## Supplied information
┄┄┄┄┄┄┄┄┄┄┄┄┄┄┄┄┄┄┄┄

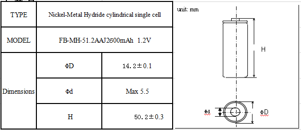 | H-AA2700A | 1.2 | 2700 | 14.5 | 50.5 | 35 | |
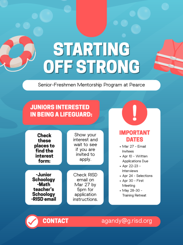 Juniors and Junior Parents, the process for becoming an SOS Lifeguard has begun. All juniors need to do right now is express interest in the Google Form they were provided. This can be found in several places – on the Junior Schoology, on their Math Teacher’s Schoology, and in their RISD email inbox. This form needs to be filled out by the Wednesday after Spring Break, Mar 25. Juniors will find out in an email by 5pm on Fri, Mar 27 if they are invited to apply. That email will explain the rest of the process. SOS is not looking for one type of student. They want people who are driven to connect with others and to share all they have learned as Mustangs with our newest class to help them be successful! Email agandy@g.risd.org with any questions.
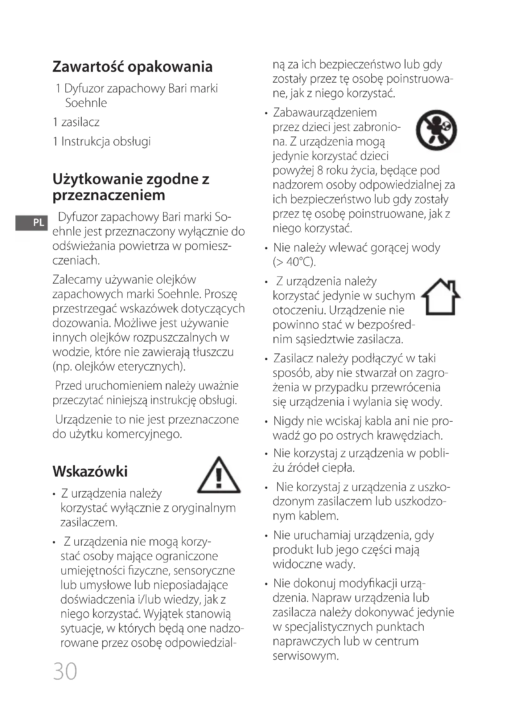 Sem Névoa Unidade de alimentação elétrica não ligada Inserir unidade de alimentação elétrica na tomada e no aparelho Água insuficiente no reservatório de água Abastecer com água até à marca máx. Demasiada água no reservatório de água Retirar água até à marca máx. A parte superior está bloqueada por uma película de água ou semelhante Limpar com um pano O reservatório de água está sujo Limpar o reservatório de água com um pano e cotonetes Dados técnicos Número de artigo 68111 Dimensões Ø 115 x 146,2 mm Tensão nominal 24V Potência nominal 9 W Capacidade do reser- vatório 80 ml Unidade de alimentação elétrica Modelo: K09S240037G Entrada: 100-240V-50/60Hz 0,5A Saída: 24,0V =0,37A PT30 Zawartość opakowania 1 Dyfuzor zapachowy Bari marki Soehnle 1 zasilacz 1 Instrukcja obsługi Użytkowanie zgodne z przeznaczeniem Dyfuzor zapachowy Bari marki So- ehnle jest przeznaczony wyłącznie do odświeżania powietrza w pomiesz- czeniach. Zalecamy używanie olejków zapachowych marki Soehnle. Proszę przestrzegać wskazówek dotyczących dozowania. Możliwe jest używanie innych olejków rozpuszczalnych w wodzie, które nie zawierają tłuszczu (np. olejków eterycznych). Przed uruchomieniem należy uważnie przeczytać niniejszą instrukcję obsługi. Urządzenie to nie jest przeznaczone do użytku komercyjnego. Wskazówki
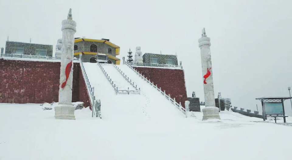 此次降雪主要分布在五臺(tái)山平均海拔2800米以上的五座臺(tái)頂。因?yàn)榕_(tái)頂與臺(tái)懷腹地海拔相差1000米以上,所以時(shí)有“臺(tái)懷飄雨臺(tái)頂雪”的奇觀出現(xiàn)。東臺(tái)頂亦名望海峰,《清涼山志》載:“蒸云寢壑,爽氣澄秋,東望明霞,若陂若境,即大海也。亦見(jiàn)滄瀛諸州,因以為名?!蓖7迨俏迮_(tái)山觀日出的絕佳位置。7日一大早,東方不見(jiàn)明霞,整個(gè)東臺(tái)頂銀裝素裹,霧靄茫茫,天籟梵音依舊,在圣潔的佛國(guó)仙境踏雪而行,更深切地感受人生一步一個(gè)腳印的意義。(本報(bào)記者 馬卓超 通訊員 覺(jué)一 攝影報(bào)道)
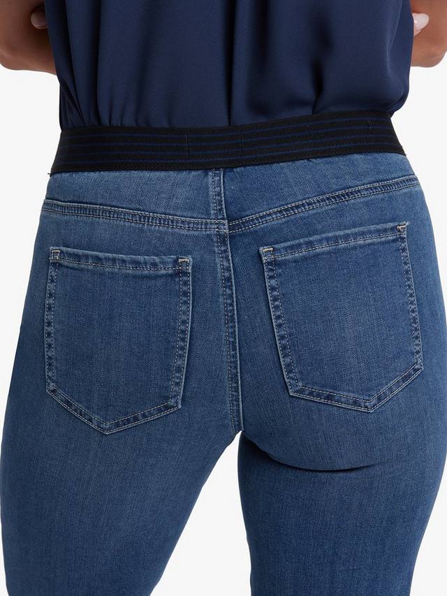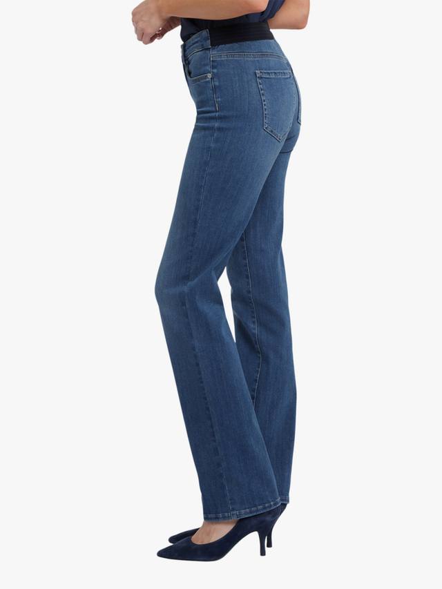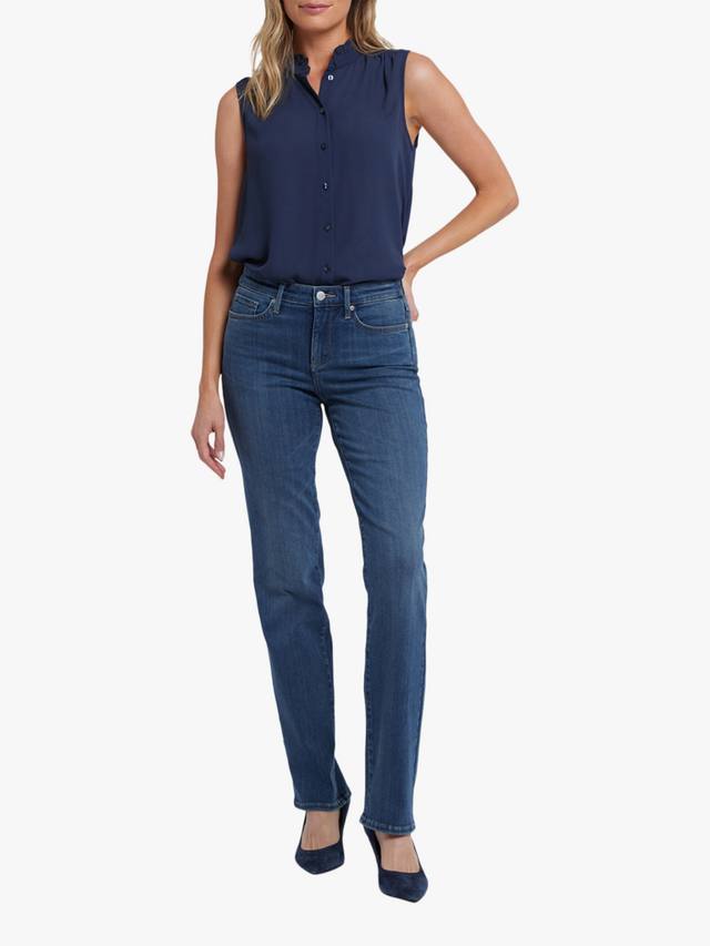 Прощай, зазор сзади! Прямые джинсы No Gapper Marilyn от NYDJ сочетают в себе поддерживающую технологию Lift Tuck и пояс, подчеркивающий фигуру, который устраняет зазор сзади и подчёркивает вашу естественную талию. Эластичный пояс сзади имеет полосатый дизайн и приятную атласную отделку. Для дополнительного комфорта джинсы изготовлены из нашего супермягкого денима Sure Stretch, который тянется и движется вместе с вами, не растягиваясь. Отличается нашим самым продаваемым кроем от колена до подола, классическим дизайном с пятью карманами, застежкой на молнию и пуговицы.
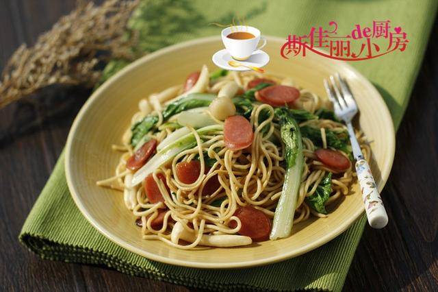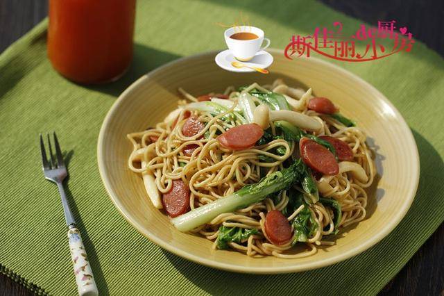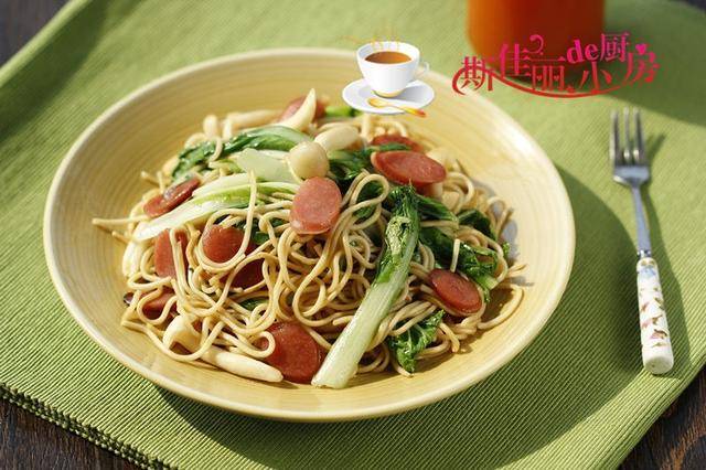 制作:1. 准备好原材料; 2. 烧热锅放入适量的油, 加入香肠片放进锅中翻炒几下; 3. 加入白玉菇放进锅中翻炒至八、九成熟; 4. 将热干面放进锅中翻炒几下; 5. 加入1勺生抽翻炒上色; 6. 加入洗净的青菜放进锅中翻炒几下; 7. 微微变色后加入少许盐和胡椒粉调味; 8. 翻炒均匀即可;

┄┄┄┄┄┄┄┄┄┄┄┄┄┄┄┄┄┄┄┄

## About this task
Omit all pictures and write out, exactly, only the lines from the line containing "通訊員 覺(jué)一 攝影報(bào)道)" through the last line of the entries above.

## Response below
 此次降雪主要分布在五臺(tái)山平均海拔2800米以上的五座臺(tái)頂。因?yàn)榕_(tái)頂與臺(tái)懷腹地海拔相差1000米以上,所以時(shí)有“臺(tái)懷飄雨臺(tái)頂雪”的奇觀出現(xiàn)。東臺(tái)頂亦名望海峰,《清涼山志》載:“蒸云寢壑,爽氣澄秋,東望明霞,若陂若境,即大海也。亦見(jiàn)滄瀛諸州,因以為名?!蓖7迨俏迮_(tái)山觀日出的絕佳位置。7日一大早,東方不見(jiàn)明霞,整個(gè)東臺(tái)頂銀裝素裹,霧靄茫茫,天籟梵音依舊,在圣潔的佛國(guó)仙境踏雪而行,更深切地感受人生一步一個(gè)腳印的意義。(本報(bào)記者 馬卓超 通訊員 覺(jué)一 攝影報(bào)道)
 Прощай, зазор сзади! Прямые джинсы No Gapper Marilyn от NYDJ сочетают в себе поддерживающую технологию Lift Tuck и пояс, подчеркивающий фигуру, который устраняет зазор сзади и подчёркивает вашу естественную талию. Эластичный пояс сзади имеет полосатый дизайн и приятную атласную отделку. Для дополнительного комфорта джинсы изготовлены из нашего супермягкого денима Sure Stretch, который тянется и движется вместе с вами, не растягиваясь. Отличается нашим самым продаваемым кроем от колена до подола, классическим дизайном с пятью карманами, застежкой на молнию и пуговицы.
 制作:1. 准备好原材料; 2. 烧热锅放入适量的油, 加入香肠片放进锅中翻炒几下; 3. 加入白玉菇放进锅中翻炒至八、九成熟; 4. 将热干面放进锅中翻炒几下; 5. 加入1勺生抽翻炒上色; 6. 加入洗净的青菜放进锅中翻炒几下; 7. 微微变色后加入少许盐和胡椒粉调味; 8. 翻炒均匀即可;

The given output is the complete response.